Un’insurrezione che può definirsi come il primo esempio di resistenza di tutta la popolazione napoletana d qualsiasi ceto e assieme ai militari. Importantissima la partecipazione femminile, di cui l’emblema è Maddalena Cerasuolo, medaglia di Bronzo al valore civile per le sue azioni. In una certa misura vi è un contributo anche da parte degli scugnizzi e dei femminielli, a dimostrazione della partecipazione corale.

Di fronte ad un esercito ber organizzato ed armato l’insurrezione popolare al netto del coraggio, probabilmente non avrebbe avuto successo, il fattore che aiuta i napoletani a cacciare i tedeschi dalla città è legato al fatto che i tedeschi stessi, come già accennato, sanno che le truppe alleate a giorni saranno a Napoli e avrebbero lasciato la città comunque prima del loro arrivo, senza alcun combattimento. Il merito dell’insurrezione è quello di accelerare i tempi della ritirata tedesca, limitando così i danni inferti alla città e il numero degli uomini rastrellati a circa 8.000.

Le truppe tedesche nella ritirata si stabiliscono momentaneamente sulle linee di fronte a nord di Napoli non senza averla cannoneggiata dalle colline di Capo di Monte, procurando ulteriori feriti e morti. come la Linea Gustav e a Roma stessa oramai città prigioniera.
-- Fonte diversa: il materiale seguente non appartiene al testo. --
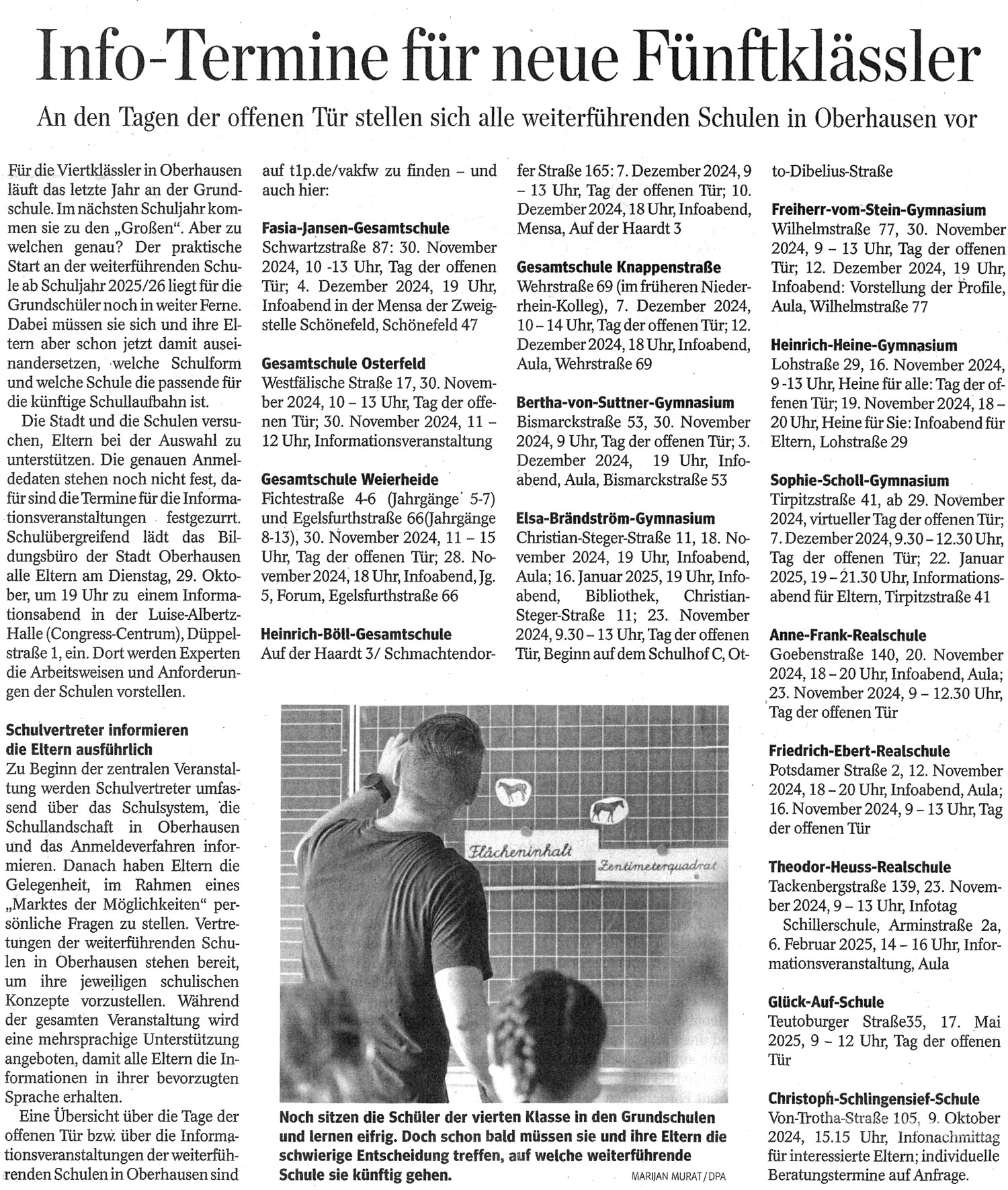 Zeitungsartikel mit den Terminen der Tage der offenen Tür

1 ottobre – Verso le 9:30 le truppe della 5a Armata statunitense entrano nella città senza sparare alcun colpo, dopo una diffidenza iniziale, le riserve si sciolgono e i soldati vengono inondati da un grande entusiasmo da parte della popolazione. Stessa sorte per il loro comandante, il generale Mark Clark che all’arrivo in città viene invitato dall’arcivescovo di Napoli Alessio Ascanesi ad una messa in suo onore. Il rettore dell’università Adolfo Amodeo gli offre la laurea honoris causa, Clark diviene simbolicamente il re della città e realmente il comandante.
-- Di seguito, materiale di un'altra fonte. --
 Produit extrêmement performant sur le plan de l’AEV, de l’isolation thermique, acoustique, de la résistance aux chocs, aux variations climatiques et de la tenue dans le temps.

Ai fatti di Napoli è dedicato il film di Nanni Loy “Le quattro giornate di Napoli” del 1962. Alla sua uscita il film suscitò scalpore e critiche da diverse parti. In Italia dalla parte degli antifascisti perché vedevano una rappresentazione scarna del loro coinvolgimento. Nella Germania dell’Ovest arrivarono critiche durissime per la rappresentazione della violenza gratuita fatta dai soldati della Wehrmacht, ovvero dell’esercito ordinario che si macchia di crimini di guerra, perché fino a quel momento nell’immaginario si riteneva che questi comportamenti efferati fossero prerogativa esclusiva delle famigerate SS (Schutzstaffel).

8 SETTEMBRE 1943-23

80° ANNIVERSARIO

Sono scoccati gli ottant’anni di quell’8 settembre ’43 giorno cruciale per l’Italia, giorno in cui viene lasciata allo sbando dai vertici di comando aprendo così la strada al caos.
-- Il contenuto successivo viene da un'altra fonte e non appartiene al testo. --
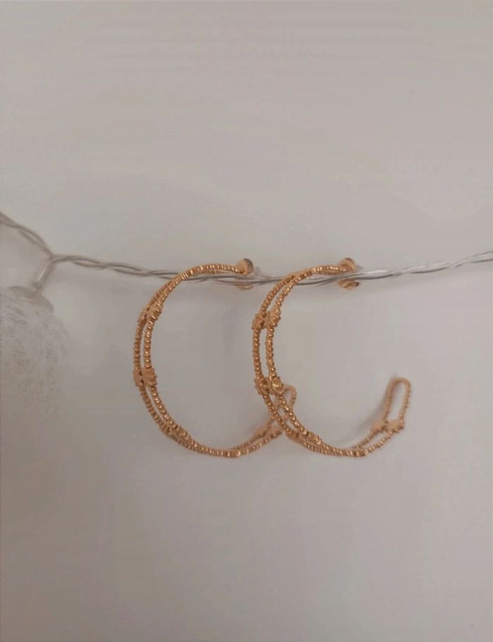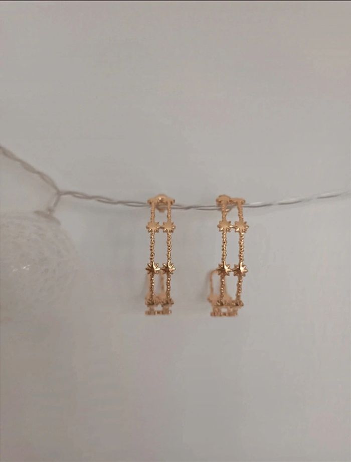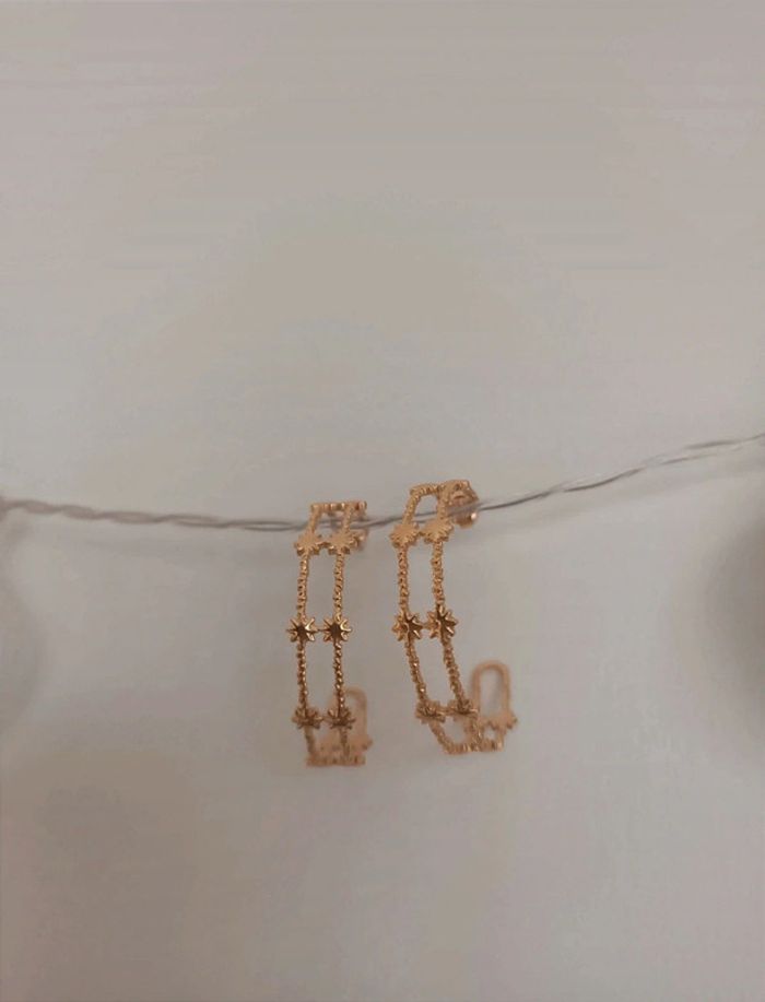 Boucles d'oreilles "Kelian" créoles dorées en acier inoxydable motif étoiles Bohm Neuf - photo numéro 4

9 settembre 2023 Commemorazione a piazza caduti della Montagnola

Ore 18:30 ora italiana: il generale delle forze angloamericane Eisenhower proclama l’armistizio da Radio Algeri, una mossa che sorprende e costringe il maresciallo Badoglio ad annunciare a sua volta l’armistizio alla popolazione, lo fa frettolosamente circa un’ora dopo ai microfoni dell’EIAR.

Il testo del proclama di Badoglio letto alla radio:

«Il governo italiano, riconosciuta la impossibilità di continuare la impari lotta contro la soverchiante potenza avversaria, nell’intento di risparmiare ulteriori e più gravi sciagure alla Nazione, ha chiesto un armistizio al generale Eisenhower, comandante in capo delle forze alleate anglo-americane.

La richiesta è stata accolta.

Conseguentemente, ogni atto di ostilità contro le forze anglo-americane deve cessare da parte delle forze italiane in ogni luogo.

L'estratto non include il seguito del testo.